Australia’s biggest city brought to a halt by an invisible invader

Tradies across Greater Sydney have downed tools after construction sites shut down for two weeks as tough new COVID-19 restrictions begin.

Jul 19, 2021, updated Jul 19, 2021
Worksites across Sydney have been abandoned. (AAP Image/Mick Tsikas)

Worksites across Sydney have been abandoned. (AAP Image/Mick Tsikas)

It’s the first time the construction industry has been shut anywhere in Australia since the pandemic began and state Labor is calling on the federal government to re-introduce JobKeeper to help businesses and workers survive the harsher measures announced on Saturday.

Labor says the move will cost the NSW economy at least $700 million per week and affect at least 250,000 workers.

People living in Greater Sydney and surrounding regions are in the fourth week of a lockdown after the government imposed a raft of new restrictions, including the ban on all construction work, the closure of non-essential retail outlets not including supermarkets, pharmacies, banks and liquor stores.

The situation is little better in Victoria, where Premier Dan Andrews has announced that state’s lockdown would extend beyond its previously scheduled end of midnight on Tuesday after 12 more locally acquired COVID cases were detected overnight.

He said an announcement on a new end date for the lockdown wold be made on Tuesday after health offical studied the latest data on the current outbreak.

“This is by no means over, we are running alongside this virus but we are not yet in front of it,” he said.

“We’ve got a containment line, we’re making significant progress but it’s not out yet.”

Today, NSW has recorded 98 new local cases of COVID-19 and 37 people were circulating in the community during some or all of their infectious period.

The cases were diagnosed from 75,845 tests carried out in the 24 hours to 8pm on Sunday.

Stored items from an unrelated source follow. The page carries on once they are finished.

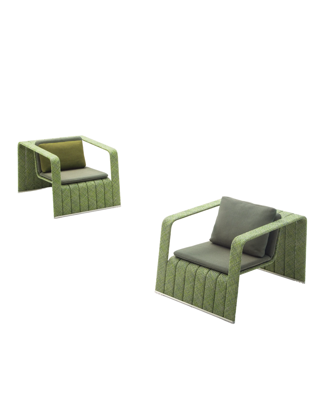La poltrona Frame di Paola Lenti è un'originale seduta da esterni contraddistinta da un design squadrato e rigoroso ingentilito dal rivestimento disponibile in vari filati del brand.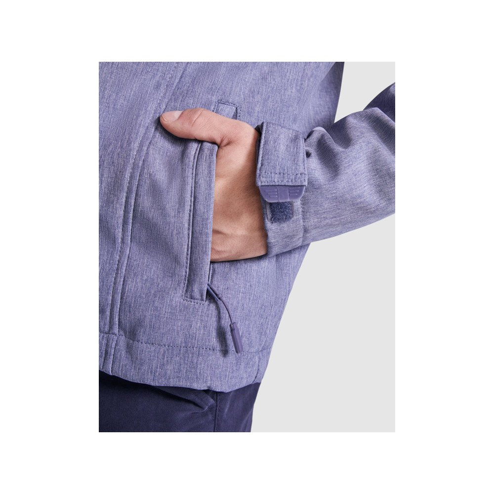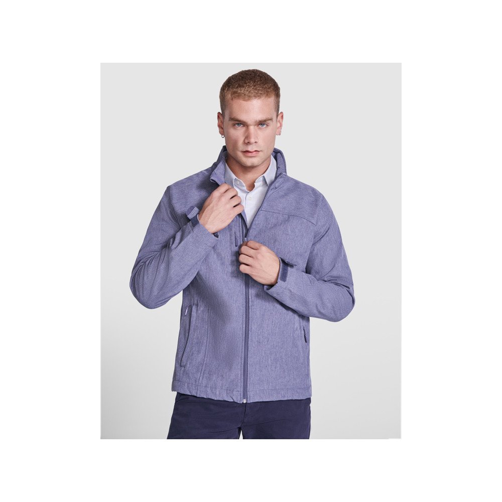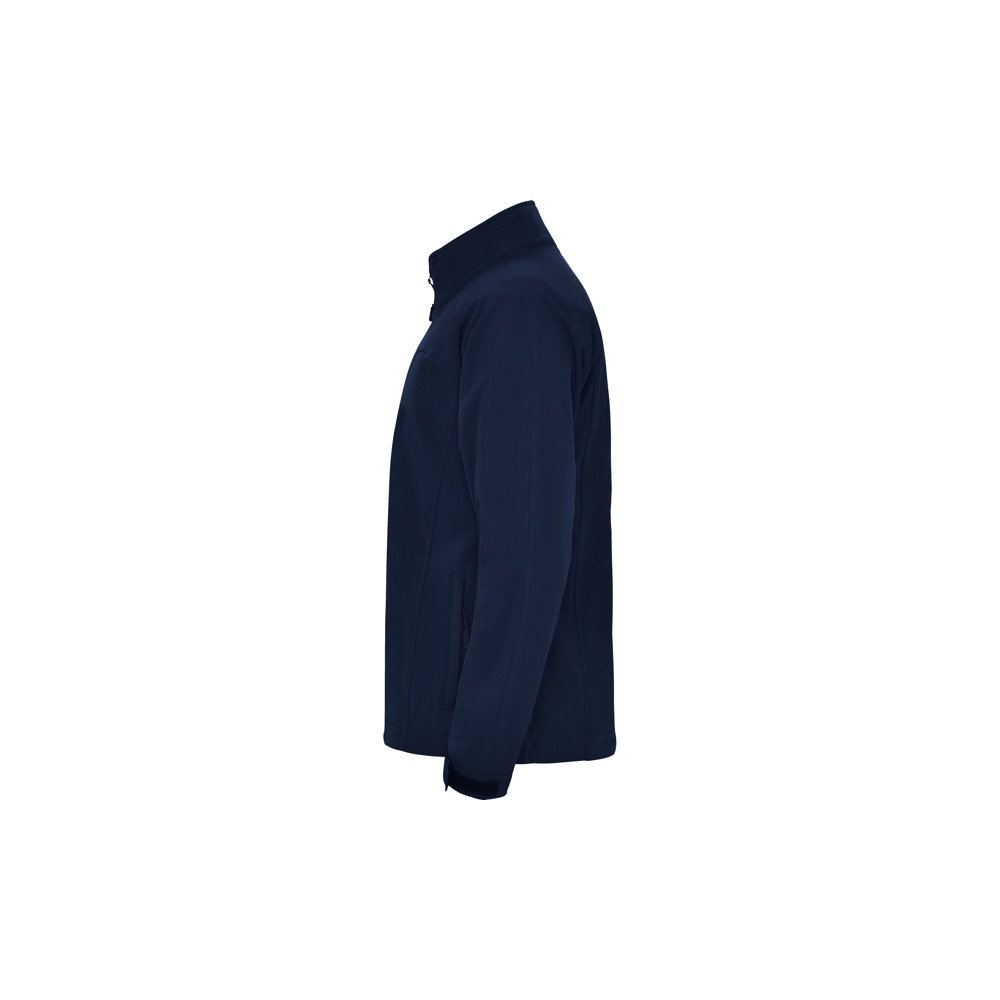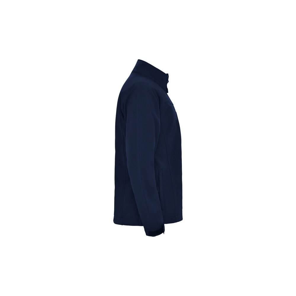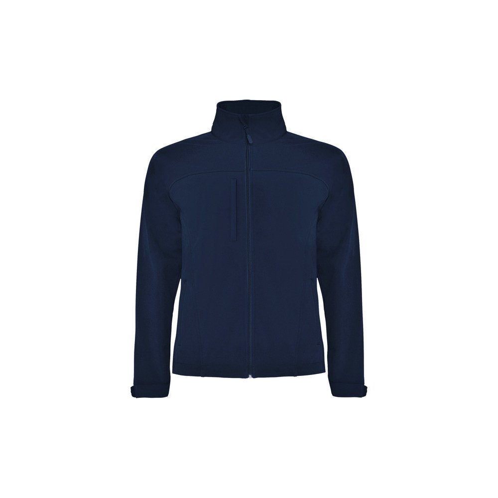 3-layer softshell jacket with full zip, chin protector and puller. Two side pockets and one on the chest with zipper and puller. Velcro fasteners in cuffs. Yoke-shaped area on chest and back. Hem with inner side adjusters.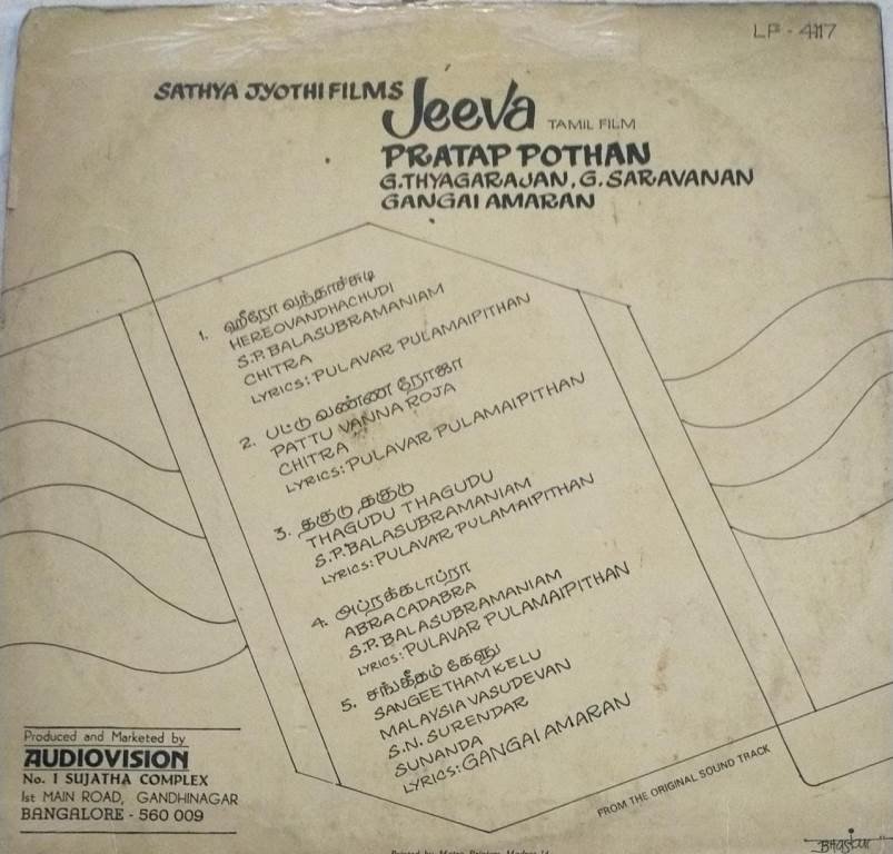 Jeeva Tamil Film LP Vinyl Record by Gangai Ameran

Premier Gladys Berejiklian said she was “really keen to nudge” the number of circulating cases downward.

“We need to get ahead of that number in order to reduce the number of cases in the community to zero,” she said on Monday.

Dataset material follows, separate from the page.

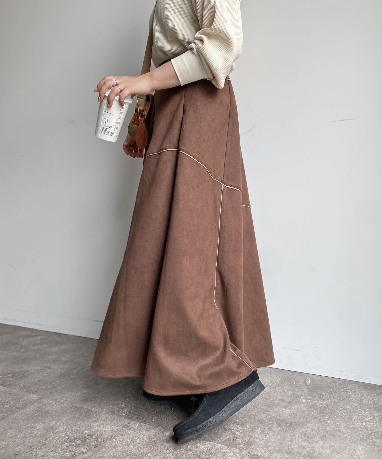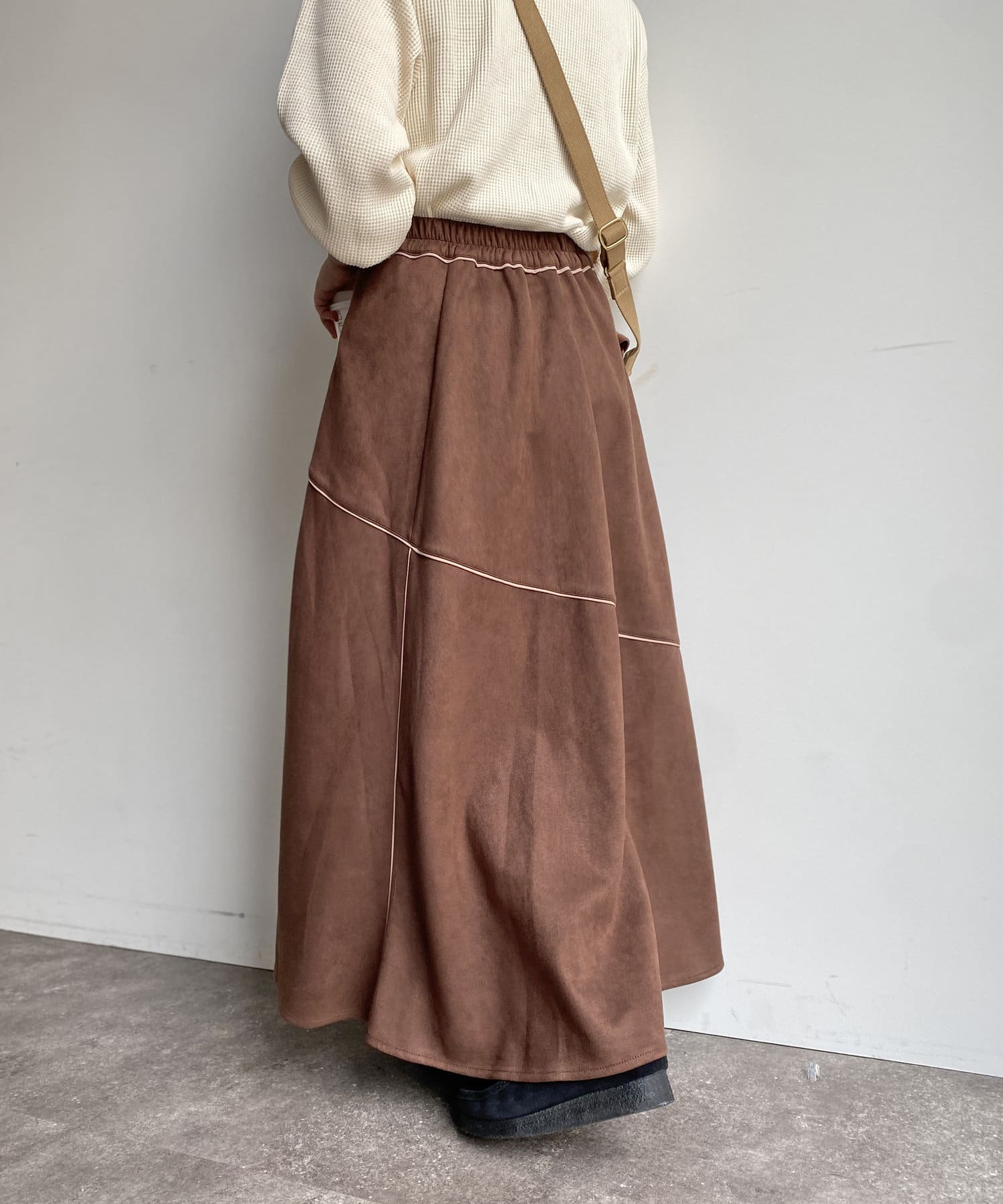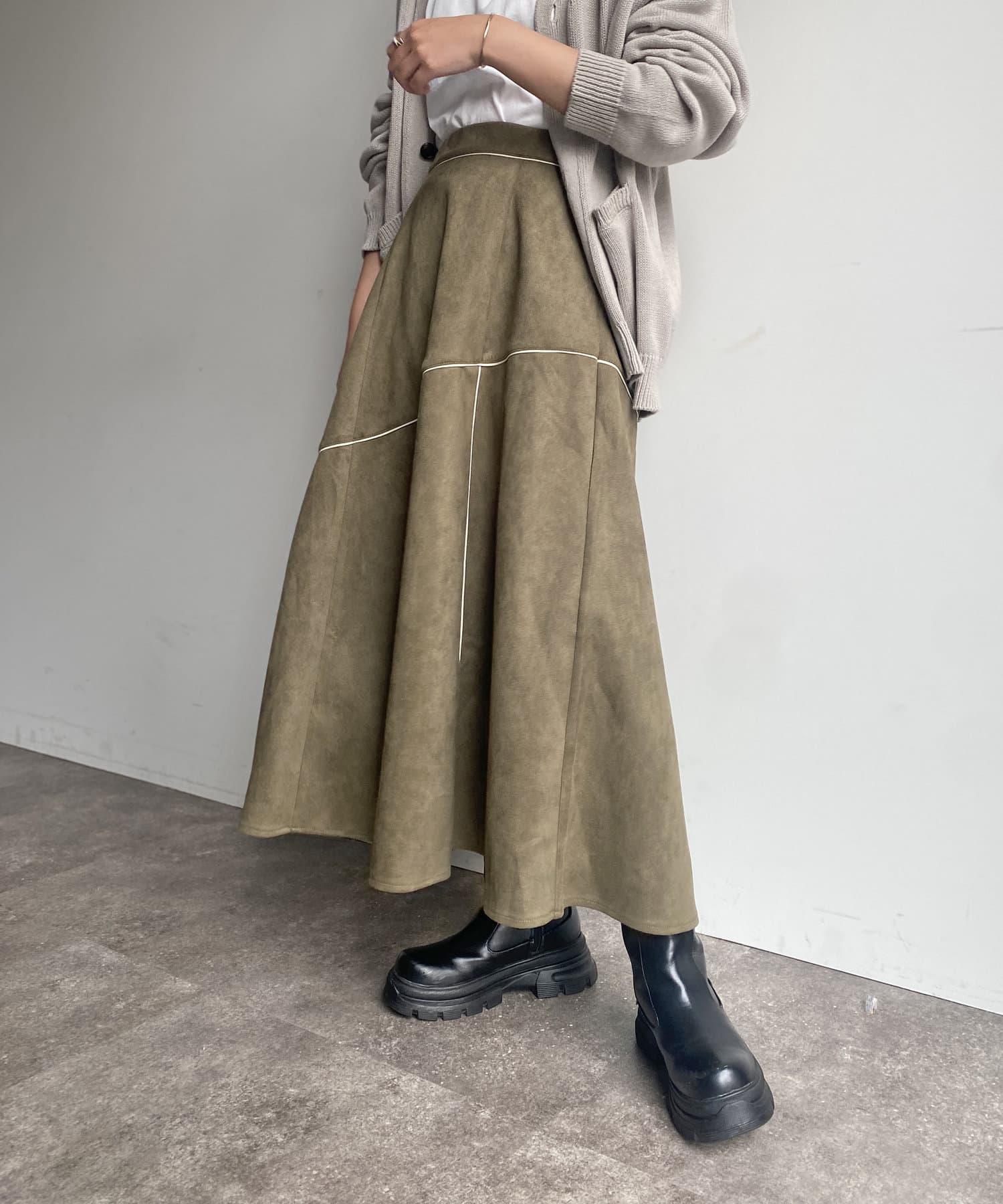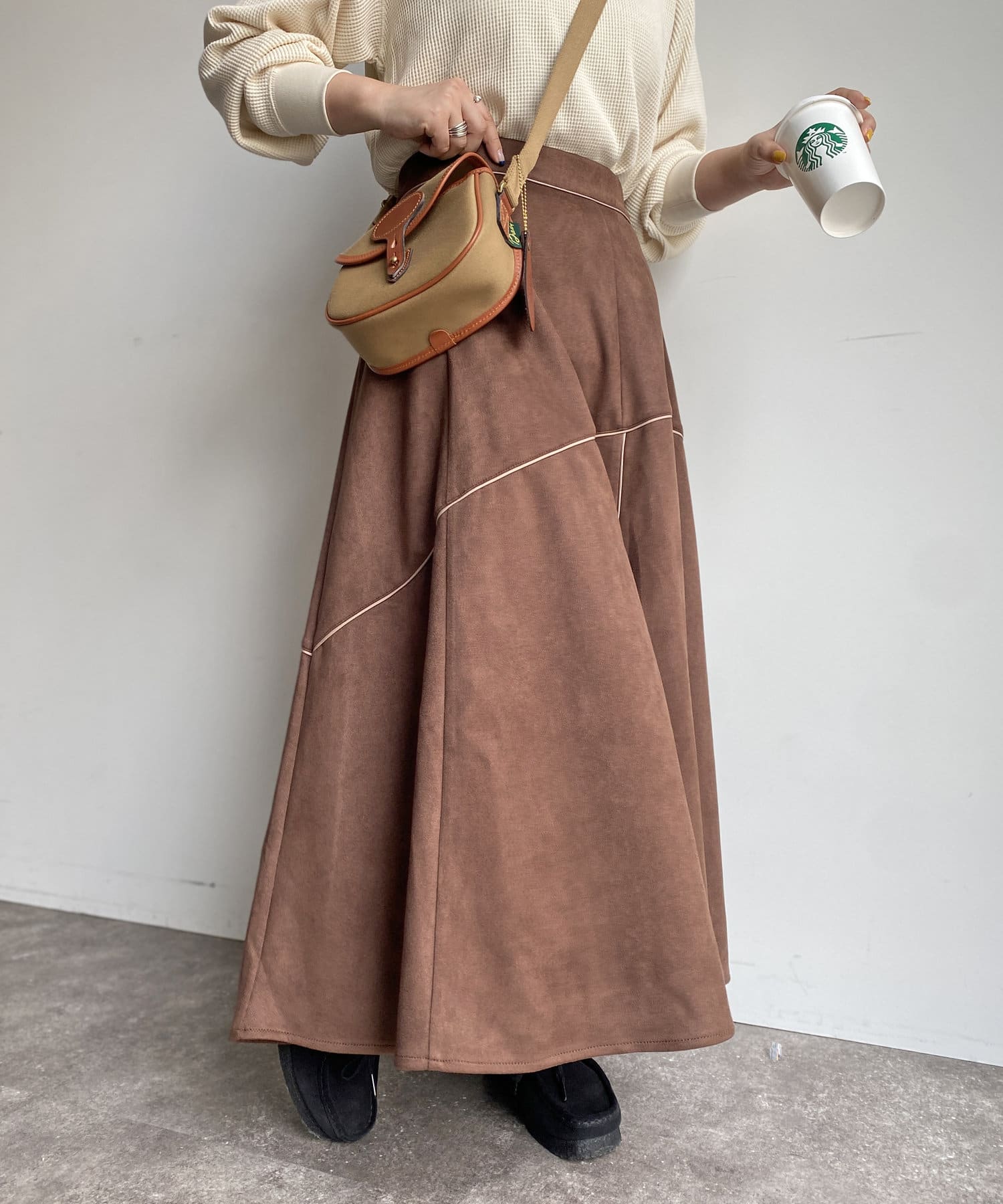 フェイクスエードの生地が季節感たっぷりのフレアスカート。

The premier has warned there could be a lag of between five or six days until the number of COVID-19 cases begins to drop, after the government introduced tough new restrictions.

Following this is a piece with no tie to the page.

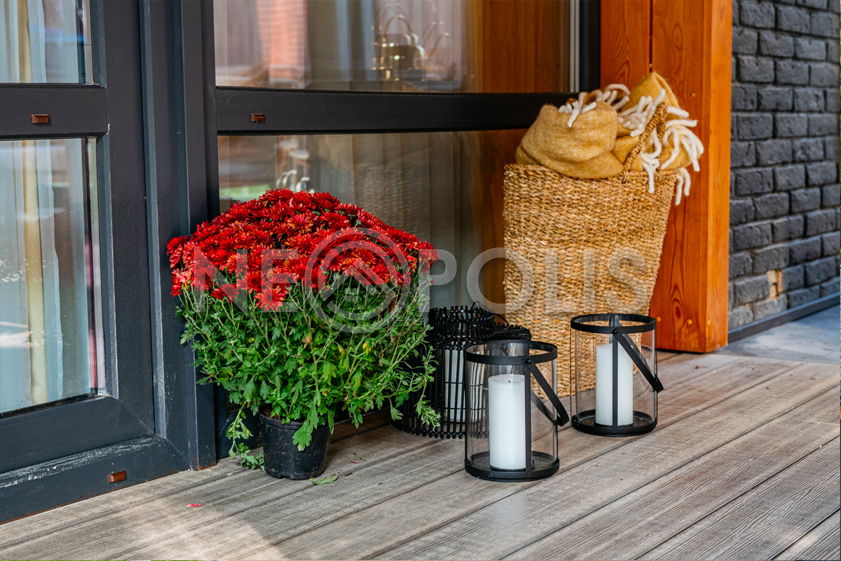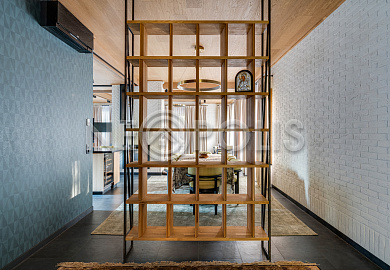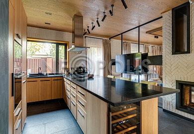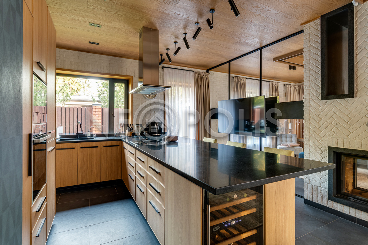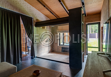 - Материал стен кирпич, фасад отделан камнем и лиственницей, внутренние стены отделаны деревом (лиственница), искусственным камнем, нержавеющей сталью и коллекционными обоями.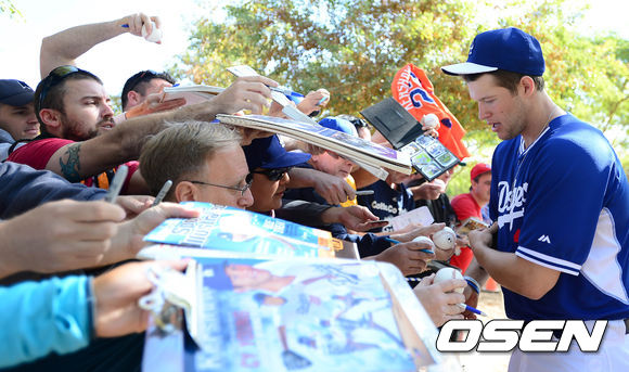 훈련을 마친 다저스 클레이튼 커쇼가 훈련장을 찾은 팬들에게 사인을 해주고 있다.

Public transport has been scaled back and is now operating on a Sunday timetable, while stay-at-home orders have been tightened in the Fairfield, Canterbury-Bankstown and Liverpool areas with locals not allowed to leave until July 30 – unless they are essential workers.

It’s estimated the tougher measures have left around 600,000 people without work.

Federal MP for Lakemba Jihad Dib, whose constituents live in the epicentre of the outbreak in Sydney’s southwest where the toughest measures are in place, says people are feeling frustrated and confused by the constantly changing health orders.

“I spent most of the weekend dealing with people who are trying to come to terms with the fact that they’ve lost their livelihood .. (who are wondering) how they are going to manage to put food on the table,” he told ABC radio.

He is encouraging his constituents to celebrate the Muslim festival of Eid al-Adha on Friday at home, saying mosques will have online services and extended family gatherings will have to be virtual.

“It will be different but it comes down to that point that for the greater good we need to do this. It’s a small sacrifice to make for the benefit of everybody.”

Australian Constructors Association CEO Jon Davies said the NSW building industry had been blindsided by the shutdown of the industry, saying it was “excessive and completely unnecessary”.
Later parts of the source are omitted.